Он и сам переведёт. Или папа ему найдёт переводчиков.

Нацепив на лицо нежность, девушка тщательно расположила ладони парня на своей талии.

Он медленно повернул голову и сверкнул тёмно-шоколадными глазами. Когда он хотел, он напрочь лишал лицо мимики, и этот идеальный фасад было совершенно не прочитать.

Ей жадно импонировала роль спутницы откровенно привлекательного мужчины, но чаще эта роль вызывала жалящее беспокойство.

Стоп, стоп. Это всего лишь Уланова. На клетчатые рубашки он и на друзьях посмотрит.

– Святушка, тоже хочешь заказать переводик? – пропела она. – Запомнил номерок?

Волна язвительности упорно гнала всё дальше по минному полю его самолюбия.

– Марина, я кинестетик, – его голос был похож на шуршание обёрточной бумаги. – Не так уж и сложно это слово, особенно если его значение пояснили тебе уже сто восемнадцать раз. У меня плохо с визуальной памятью.

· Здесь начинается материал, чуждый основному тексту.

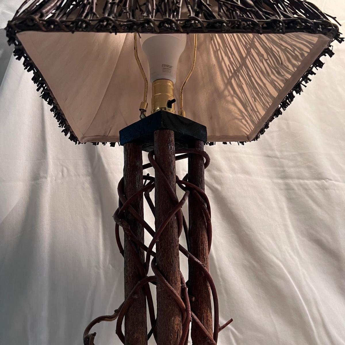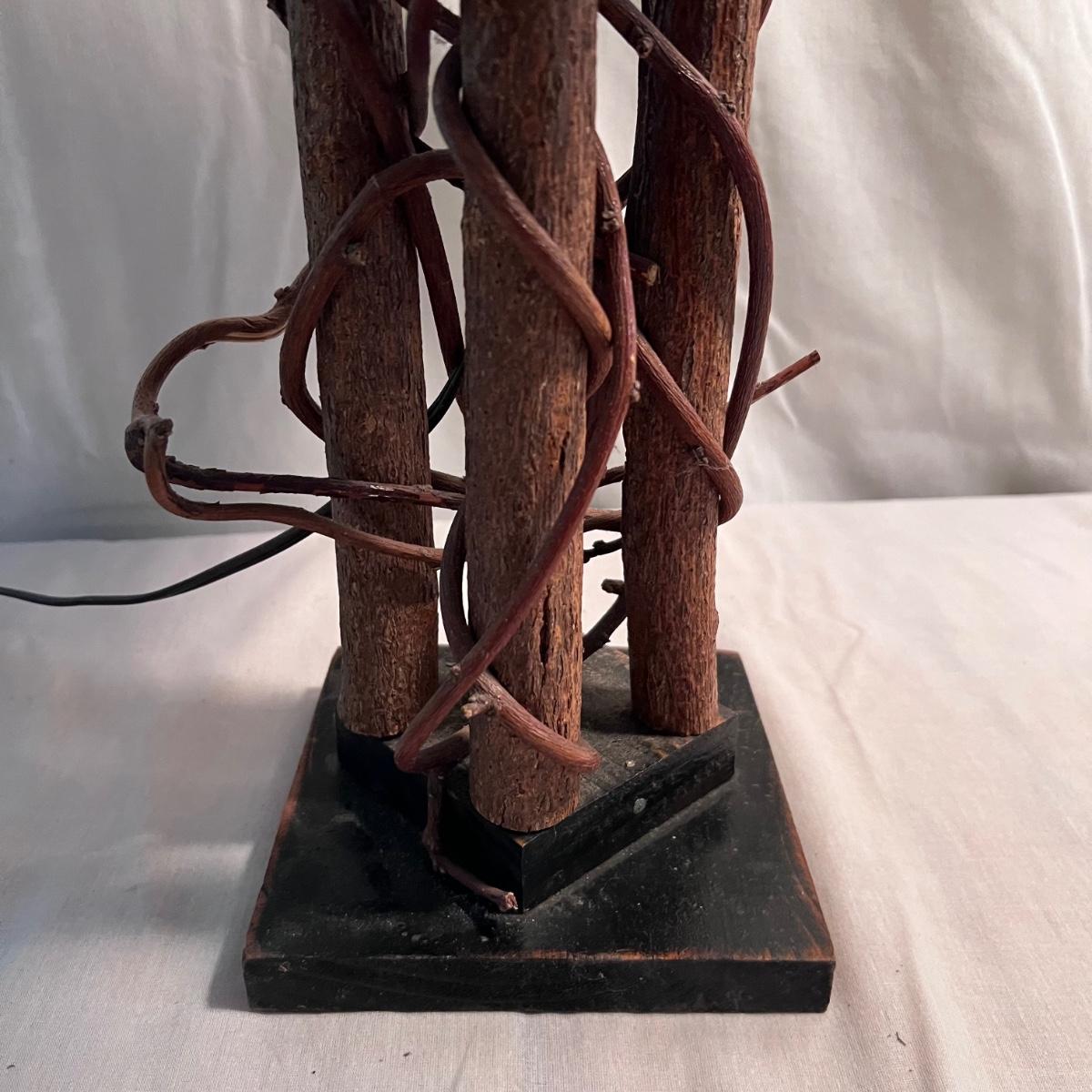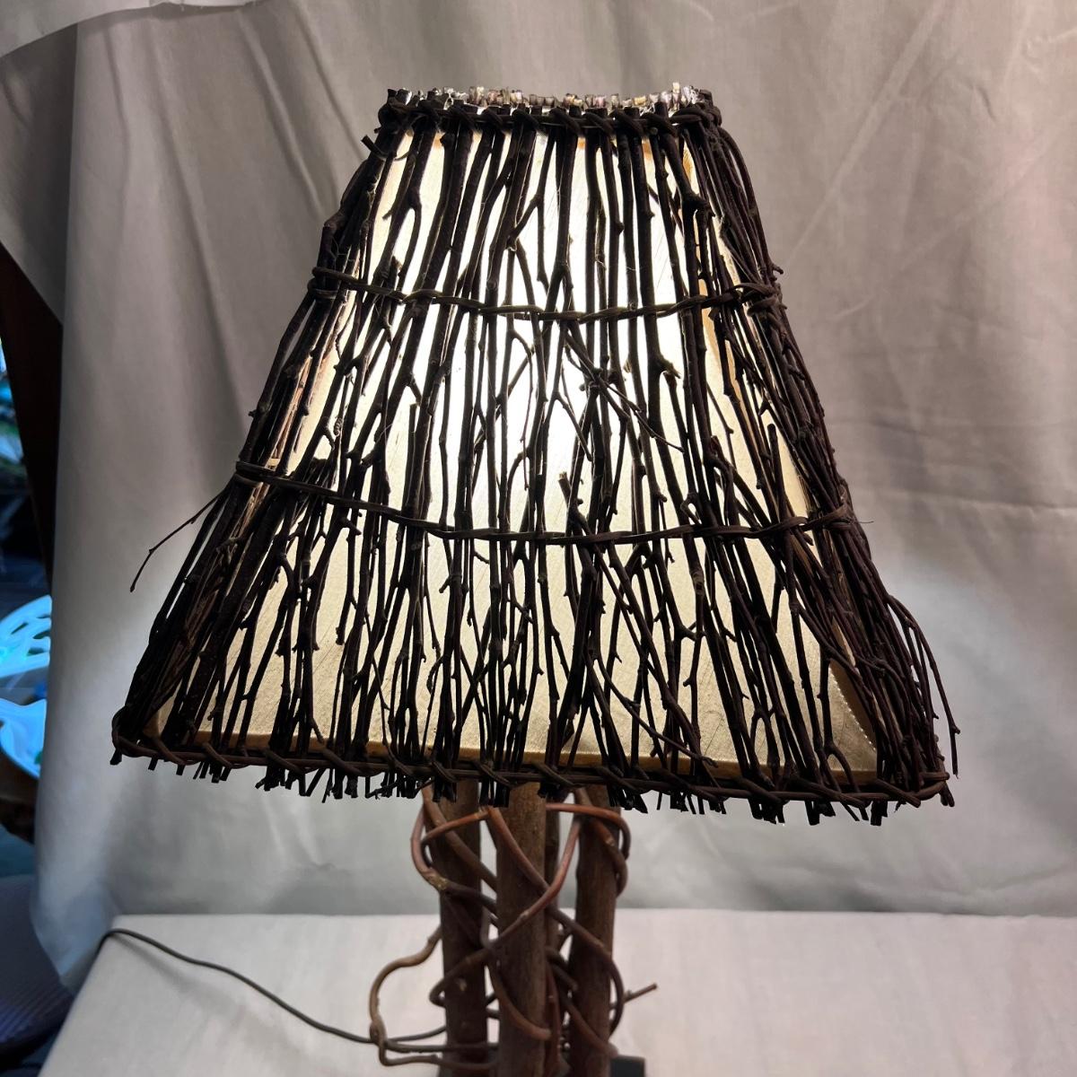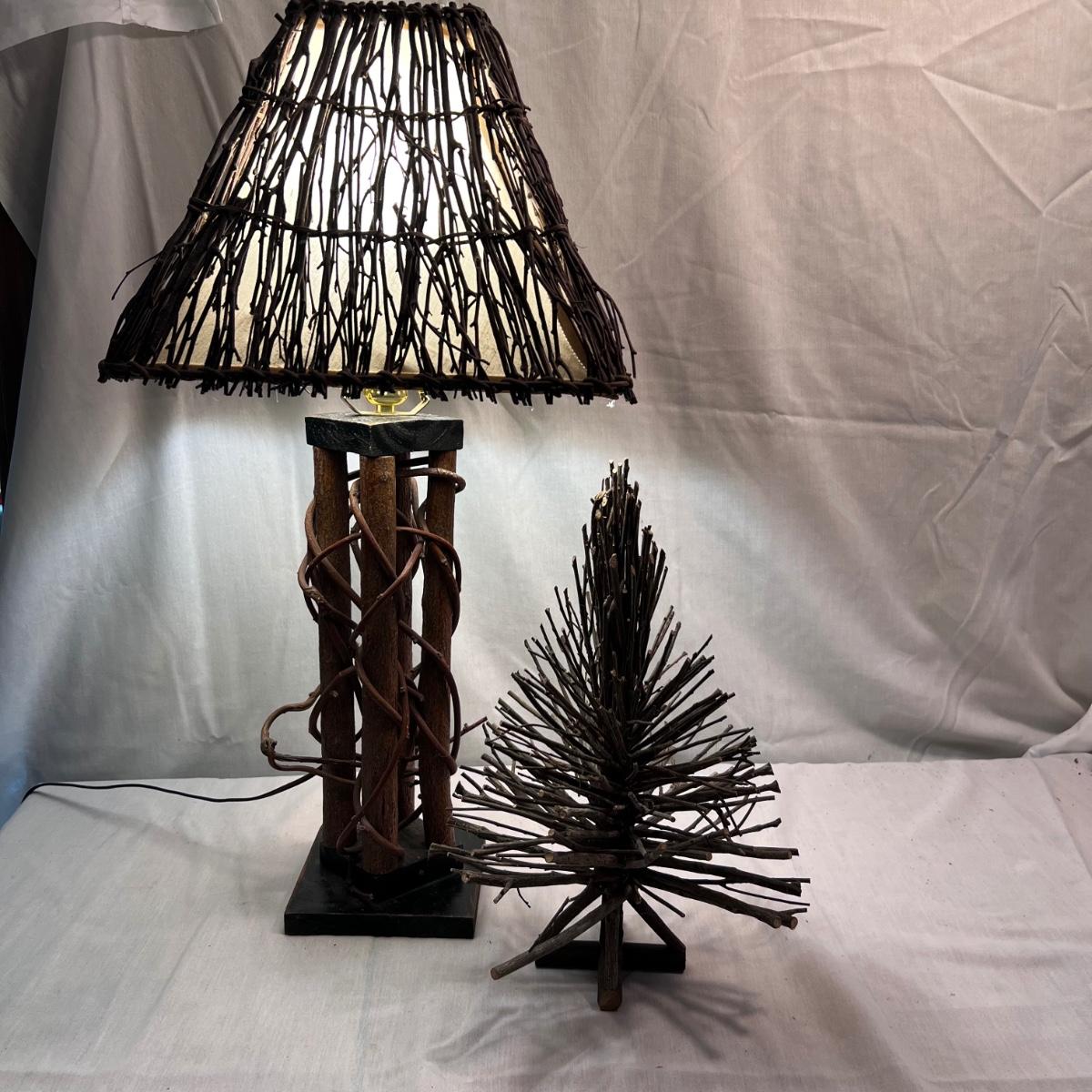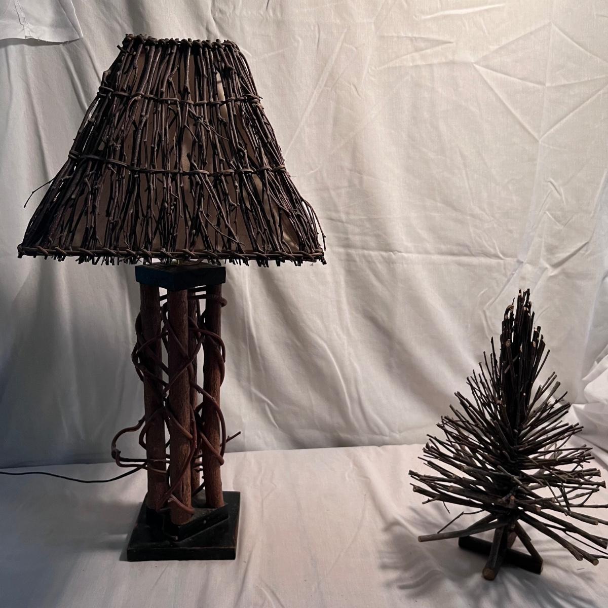 Two rustic themed items includes a lamp and a decorative tree statue made from twigs. The lamp shade has twigs attached to its shade and the body of the lamp has faux branches. It has a single switch and measures 6” square (base) x 28”H.

А у тебя, видимо, со слуховой.

Договорив, Свят лениво шевельнул нижней губой, что чаще всего значило «Моё слово сейчас станет последним».

Она поспешно прикусила язык.

Тормози, он и так сегодня полдня просидел в студенческой общаге.

– И мне не нравится, когда меня называют Святушкой, – холодно добавил он, сняв руки с её талии. – Об этом я тоже говорил уже много раз. Всё ещё надеюсь быть услышанным.

Соседка навострила уши, и Марина старательно сбавила обороты.

Нужно, чтобы все думали, что у нас идиллия.

Зачем нужно, она и сама не знала.

Куда чаще она смотрела на них чужими глазами и слишком боялась этими чужими глазами увидеть, как у «Короля» и «Звезды» что-то сломалось или сошло с петель.

– А как лучше? – спросила она, ласково поглаживая его щёку. – Свят?

– Лучше полностью, – поджав губы, отозвался он. – Святослав.

* * *

Ничерта. Ничерта ты обо мне не помнишь. Ничерта ты обо мне не знаешь.

Он поднялся со стула, и девушка томно прижалась к нему всем телом, пустив в ход свои основные козыри. Он миролюбиво провёл ладонью от её плеча вниз по спине, перетекающей в изящную поясницу и прелестно оформленные ягодицы.

Эту долбаную безупречность спину не заставишь вырядиться в просторную рубашку.

Когда клетчатая лучница смотрела себе за спину, у неё на шее тонкой струной дрожало тугое сухожилие. Оно крепилось к острой ключице…

…как тетива её невидимого лука крепилась к его гладкому концу.

Подняв лицо Марины за подбородок, он обхватил губами её рот и замер, прислушиваясь к ощущениям. В груди зашевелилось нечто, уверенно похожее на усталость.

Девушка послушно обвила руками его шею и запрокинула голову, настойчиво лаская языком его нижнюю губу.

Он мягко отстранился и провёл пальцем по её пухлым губам.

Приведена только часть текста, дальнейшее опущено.